#2323

– Tes mains puent le foutre des autres.

– Tes mains puent sur la table. Elle oublie, elle attend, elle supporte. Tout passe pour elle et d’abord les mains qui se posent sur elle, qui donnent à son assise ce qui pèse ou peu, car elle s’appuie sur cette portion de ciel qui est au-dessus d’elle.

– Tes mains puent toujours, elle me disait, et mes mains trop grandes, trop lourdes, les doigts fondus les uns dans les autres, je ne savais qu’en faire dans l’appartement étréci, aucun objet n’était fait pour elles, trop légers, trop de replis pour la peau durcie.

– Tes mains puent à force de me toucher, de suivre plaines crispées, champs de peur, sillons de douleur, plis de l’âge, de tourner, de pincer, de tirer.

– Tes mains puent sur mes seins, ils deviennent plâtre, par des veines inconnues, la rigidité entre en moi, je me fige, il y a une seule image qui ne bougera plus.

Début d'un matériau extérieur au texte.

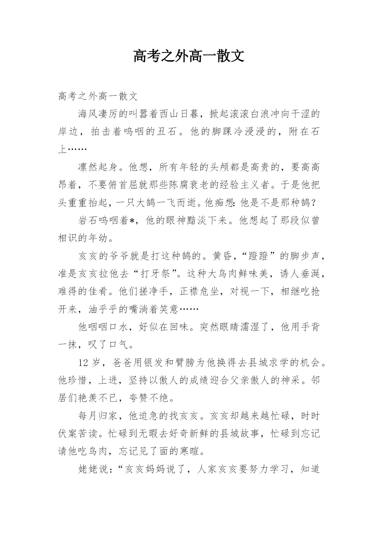 高考之外高一散文高考之外高一散文海风凄厉的叫嚣着西山日暮,掀起滚滚白浪冲向干涩的岸边,拍击着呜咽的丑石。他的脚踝冷浸浸的,附在石上……凛然起身。他想,所有年轻的头颅都是高贵的,要高高昂着,不要俯首屈就那些陈腐衰老的经验主义者。于是他把头重重抬起,一只大鹄一飞而逝。他痴想:他是不是那种鹄?岩石呜咽着*,他的眼神黯淡下来。他想起了那段似曾相识的年幼。亥亥的爷爷就是打这种鹄的。黄昏,“蹬蹬”的脚步声,准是亥亥拉他去“打牙祭”。这种大鸟肉鲜味美,诱人垂涎,难得的佳肴。他们搓净手,正襟危坐,对视一下,相继吃抢开来,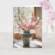 Pink cherry blossom bouquet in a vintage vase in sunlight and rustic farmhouse window background.

– Tes mains puent, elles tombent au bout de tes bras, elles les tirent vers quoi, la terre, la tombe, tu ne fais que tomber, tu n’es plus qu’en bas, ton souvenir, c’est ce qui pue, qui te précède quand tu entres, qui reste là après ton départ, la fuite, ce qui sera après toi, pas d’image, pas de voix revenant, tu es la seule odeur dont je me souviendrai.

– Tes mains puent d’être trop fines, trop blanches, trop froides, trop lisses, trop molles, trop lentes, trop douces.

– Tes mains puent si tu touches le bouton de la porte, tes mains puent si tu pousses la fenêtre, tes mains puent si tu donnes la lumière, tes mains puent si tu suscites l’étincelle du briquet, tes mains puent si tu écartes les pages d’un livre, tes mains puent si tu empoignes ce qui pique et coupe, tes mains puent si elles brisent le pain, tes mains puent sur le lacet dénoué, tes mains puent plongeant dans l’eau, toute eau, tes mains puent sur le plat, tes mains puent sur le drap, tes mains puent sur les coudes, tes mains puent sur ma bouche, tes mains puent sur mon cou.

– Tes mains puaient encore dans le soir doucereux.